From Pandas to Dask - Part 2
How to migrate from Pandas to Dask DataFrames in Python – group-by, data persistence, SQL database, testing
January 30th, 2022
In the previous post, From Pandas to Dask - Part 1, we discussed some challenges that may arise when moving from Pandas to Dask and how to tackle them. In this post, we look at additional challenges.
Let us start with aggregation operations on groups.
Aggregation Operations on Groups
Certain aggregation operations, like the median or the quantile, are not implemented for grouped DataFrames (or Series) in Dask. However, we can compute them using a workaround involving Pandas, which supports several operations on grouped DataFrames. To show this workaround, we consider the case of calculating the median over groups.
Let us start by defining a Pandas DataFrame (DF) with two columns, A
and B
. Column A
contains duplicated values a
and b
, while column B
contains integer numbers, from 0 to 5.
df = pd.DataFrame(
data={
"A": list("ababab"),
"B": np.arange(6),
}
)
print(df)
OUT:
A B
0 a 0
1 b 1
2 a 2
3 b 3
4 a 4
5 b 5
In Pandas, after grouping by column A
, we can use the median
method to calculate the median of column B
for each group.
medians = df.groupby("A")["B"].median()
print(medians)
OUT:
B
A
a 2
b 3
Now, we turn to Dask and define a Dask DataFrame (DDF) with two partitions from the above DF.
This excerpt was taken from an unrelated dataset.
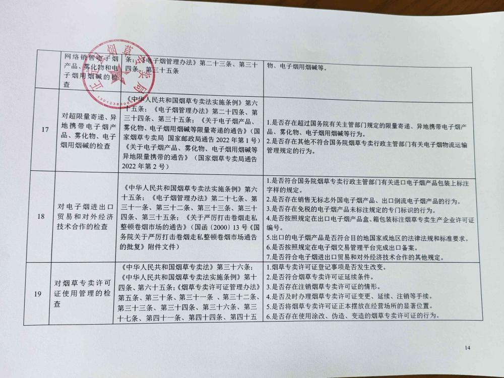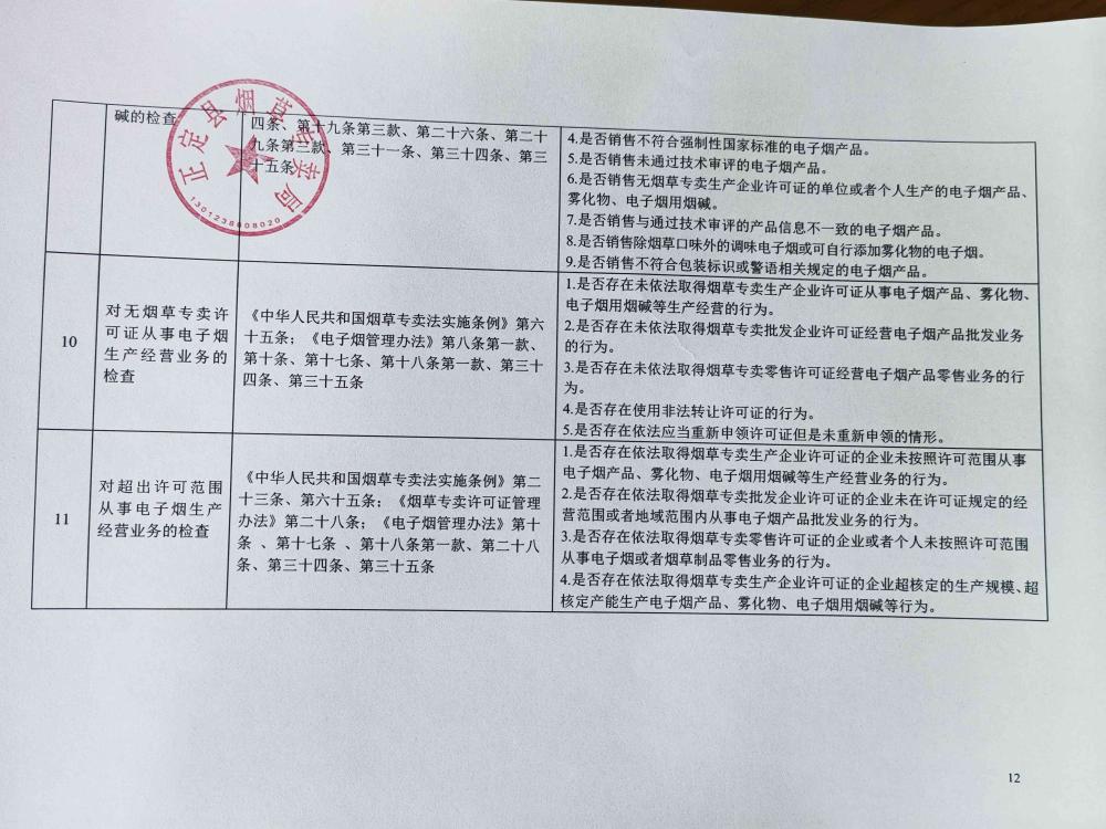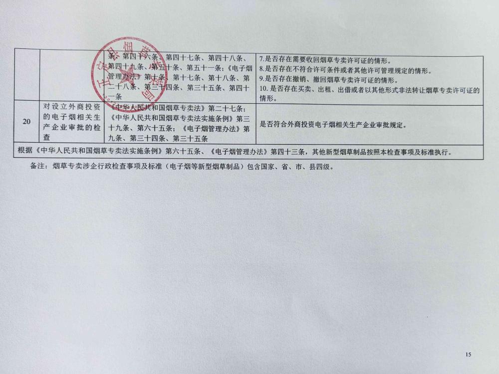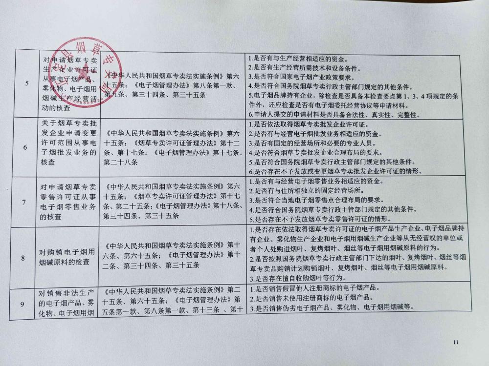 正定县烟草专卖局关于烟草专卖涉企行政检查事项及标准(电子烟等新型烟草制品)的公示

ddf = dd.from_pandas(df, npartitions=2)
print_ddf(ddf)
A B
------- 1st partition
0 a 0
1 b 1
2 a 2
------- 2nd partition
3 b 3
4 a 4
5 b 5
To calculate the median of each group, a
and b
, first, we isolate the two values by setting the index of the DDF to column A
. As we saw in section Setting the Index and Sorting of Part 1, this operation puts all the rows with the same value of column A
in the same partition.
ddf = ddf.set_index("A")
print_ddf(ddf)
B
A
---- 1st partition
---- 2nd partition
a 0
a 2
a 4
b 1
b 3
b 5
With the DDF in this form, we apply a group-by operation to each partition using the map_partitions
method. This method maps a function to each partition, which is treated as a DF, meaning that we can use the Pandas median
method.
medians = ddf.map_partitions(
lambda partition_df: partition_df.groupby("A").median()
)
medians = medians.compute()
print(medians)
OUT:
B
A
a 2
b 3
This is how we can calculate the median over groups of a DDF. However, note that this procedure requires a complete shuffling of the index of the DDF, which, as we saw in section Changing the Index of Part 1, may be very slow.
Disk Cache
In section Changing the Index of Part 1, we saw how, every time the compute
method is called on a DDF, Dask re-computes all the operations associated with that DDF. To see this more clearly, let us create a DDF and apply some operations to it.
df = pd.DataFrame(
data={"A": np.arange(6), "B": np.array(list("xxyzyz"))},
index=np.array(list("abcdef")),
)
ddf = dd.from_pandas(df, npartitions=2)
ddf = ddf.categorize(columns=["B"], index=True)
ddf["C"] = ddf["A"] ** 2
print_ddf(ddf, end="\n\n")
print(ddf)
A B C
----------- 1st partition
a 0 x 0
b 1 x 1
c 2 y 4
----------- 2nd partition
d 3 z 9
e 4 y 16
f 5 z 25
Dask DataFrame Structure:
A B C
npartitions=2
a int64 category[known] int64
d ... ... ...
f ... ... ...
Dask Name: assign, 10 tasks
The first operation casts column B
to a categorical data type. The second operation squares column A
and stores the result in a new column, C
. Printing the DDF after these operations shows that there are 10 tasks associated to it.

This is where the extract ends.